PROMPT - Find, in the records below, the line that contains "甘みがあってつやの良いグリー" and the line that contains "В смеситель установлен". Copy those two lines and everything between them exactly, but not the pictures.

*** GIVEN DATA Section Begins ***

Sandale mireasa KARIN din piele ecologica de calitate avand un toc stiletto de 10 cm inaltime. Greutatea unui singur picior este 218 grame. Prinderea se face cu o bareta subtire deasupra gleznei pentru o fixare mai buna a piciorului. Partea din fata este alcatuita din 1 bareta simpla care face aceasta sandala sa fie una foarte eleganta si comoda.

*** GIVEN DATA Section Ends ***
*** GIVEN DATA Section Begins ***

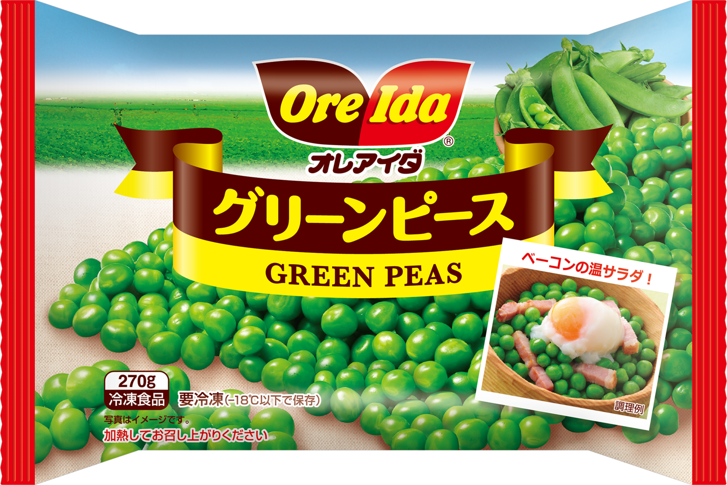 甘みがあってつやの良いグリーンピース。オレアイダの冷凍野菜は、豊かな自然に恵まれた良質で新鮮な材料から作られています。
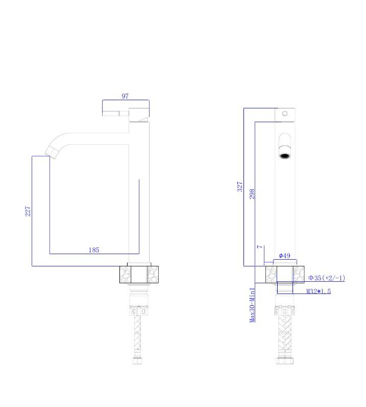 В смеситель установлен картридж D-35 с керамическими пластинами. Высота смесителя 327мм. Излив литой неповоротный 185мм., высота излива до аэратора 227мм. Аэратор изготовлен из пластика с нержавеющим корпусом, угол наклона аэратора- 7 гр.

*** GIVEN DATA Section Ends ***

RESULT OF THE EXERCISE -
 甘みがあってつやの良いグリーンピース。オレアイダの冷凍野菜は、豊かな自然に恵まれた良質で新鮮な材料から作られています。
 В смеситель установлен картридж D-35 с керамическими пластинами. Высота смесителя 327мм. Излив литой неповоротный 185мм., высота излива до аэратора 227мм. Аэратор изготовлен из пластика с нержавеющим корпусом, угол наклона аэратора- 7 гр.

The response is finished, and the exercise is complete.